THE TASK: Further down are entries; set down exactly and only the lines from the one with "The proof four" up to and including the one with "辘轳或许堪称最简单的机械了。", dropping each picture.

DATASET CONTENT:

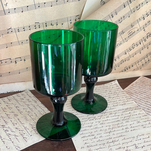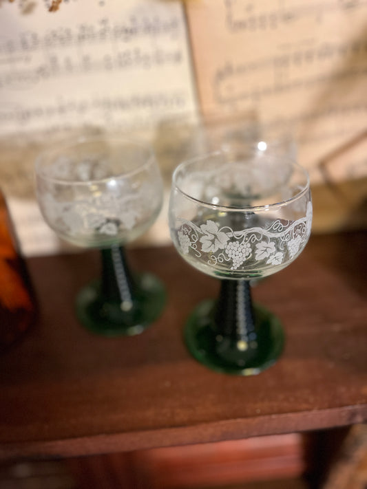 Set aus grünen Weingläsern im Retro-Stil
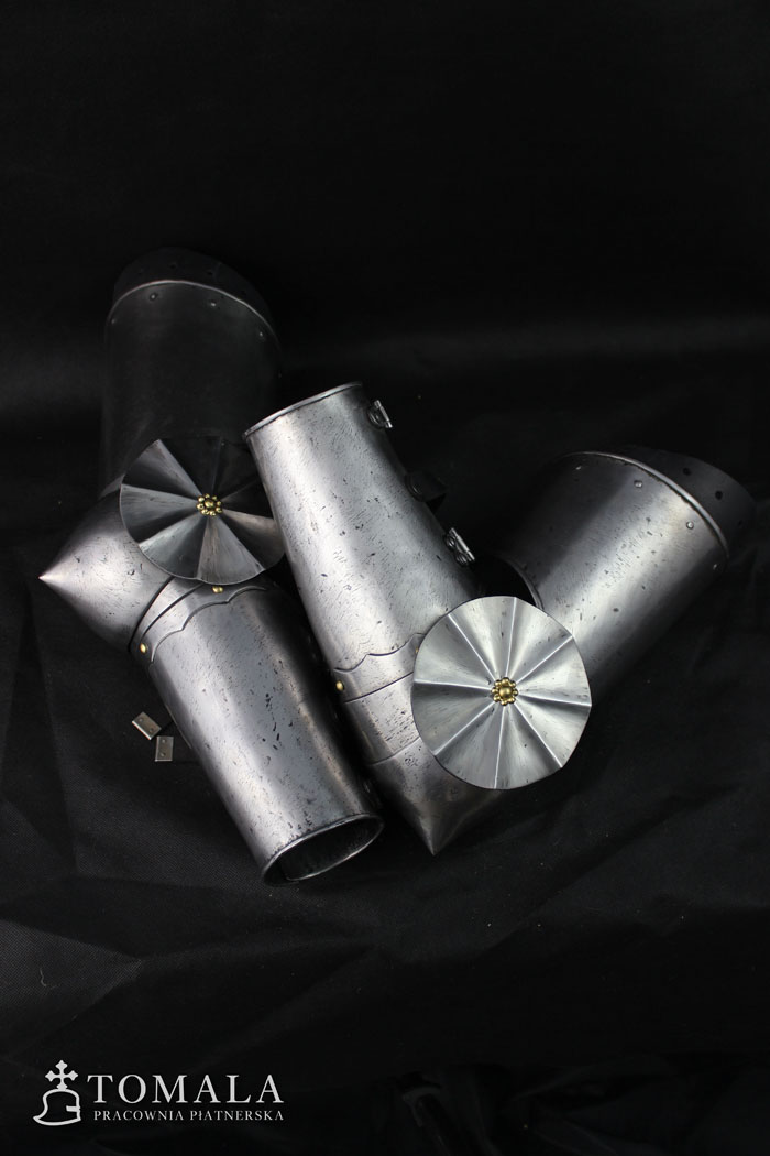 An arm cover, made basing on second half of 15th century iconography. It is made of steel 1,5mm, 1,2mm and 1,0mm thick. Product is non-welded. Surface (*6) + file marks.
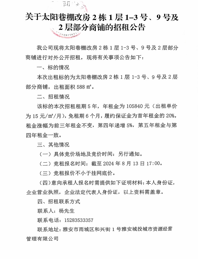 關于太陽巷棚改房2棟1層1-3號、9號及2層部分商鋪的招租公告
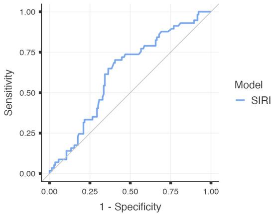 To further assess the predictive performance of the multivariate logistic regression model, a receiver operating characteristic (ROC) curve was constructed. The area under the curve (AUC) was calculated as 0.676, indicating fair discriminative capacity for predicting major postoperative complications. This suggests that the combined model—including SIRI and clinical variables—offers improved prognostic performance compared to SIRI alone. The overall diagnostic performance of the multivariate model is illustrated in Figure 3.
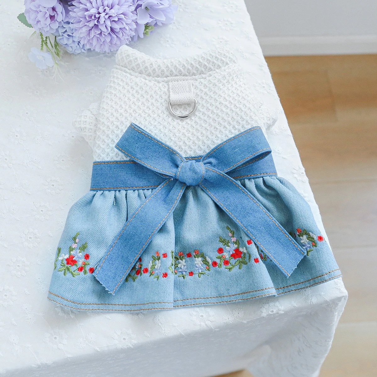 ペット服 犬服 秋冬 花柄 デニムスカート
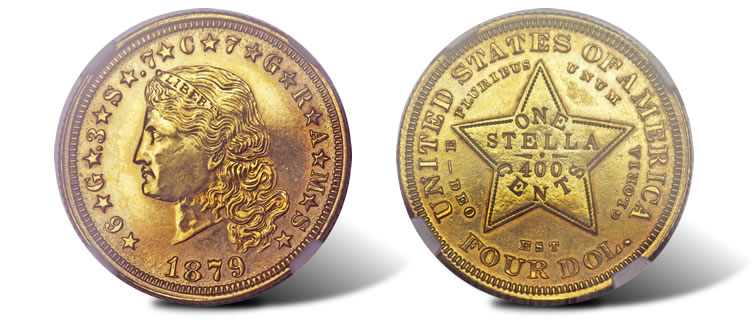 The proof four dollar gold pieces, or "Stellas," in the auction are the perfect illustration of this mix. There are three of the famous patterns in the auction, two of the familiar Judd-1635 1879 Flowing Hair type in gold. The finer of those two, is graded PR64 by PCGS.
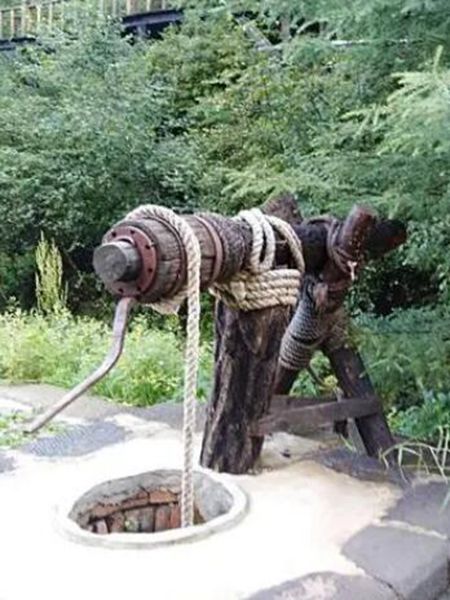 辘轳或许堪称最简单的机械了。其构造是在井上搭一木架,架起横轴,轴上套一木制长筒,筒上绕以长绳,绳的一端挂水桶。长筒头上装有曲柄,摇动曲柄,绳即在筒上缠绕或者松开,水桶亦因之而吊上或放下,用以取水。辘轳的起源很早,据《物源》上说,是“史佚始作辘轳”。史佚是公元前1100年左右周初的史官。
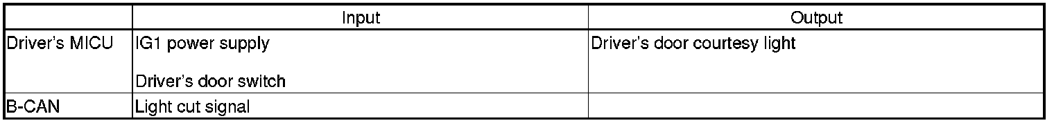 The driver's MICU controls the interior lights and ignition key light ON/OFF based on input signals from each switch.
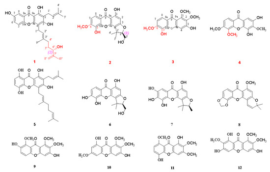 In addition to the four new xanthones 1–4, eight known xanthones 5–12 were isolated and identified as 1,3,5,8-tetrahydroxy-2-(3-methybut-2-enyl)-4-(3,7-dimethylocta-2,6-dienyl) xanthone (5) [31], cochinchinone P (6) [27], 2-deprenyl-7-hydroxy-rheediaxanthone (7) [32], musaxanthone (8) [33], 3,7-dihydroxy-1,2,8-trimethoxy-9H-xanthen-9-one (9) [34], 3,8-dihydroxy-1,2,6-trimethoxy-9H-xanthen-9-one (10) [35], 1,5-dihydroxy-2,3,8-trimethoxy-9H-xanthen-9-one (11) [12], and 1,3,6-trihydroxy-2,7,8-trimethoxy-9H-xanthen-9-one (12) [36] by comparing their experimental spectral data with the reported spectra data in the literature.

EXERCISE SOLUTION:
 The proof four dollar gold pieces, or "Stellas," in the auction are the perfect illustration of this mix. There are three of the famous patterns in the auction, two of the familiar Judd-1635 1879 Flowing Hair type in gold. The finer of those two, is graded PR64 by PCGS.
 辘轳或许堪称最简单的机械了。其构造是在井上搭一木架,架起横轴,轴上套一木制长筒,筒上绕以长绳,绳的一端挂水桶。长筒头上装有曲柄,摇动曲柄,绳即在筒上缠绕或者松开,水桶亦因之而吊上或放下,用以取水。辘轳的起源很早,据《物源》上说,是“史佚始作辘轳”。史佚是公元前1100年左右周初的史官。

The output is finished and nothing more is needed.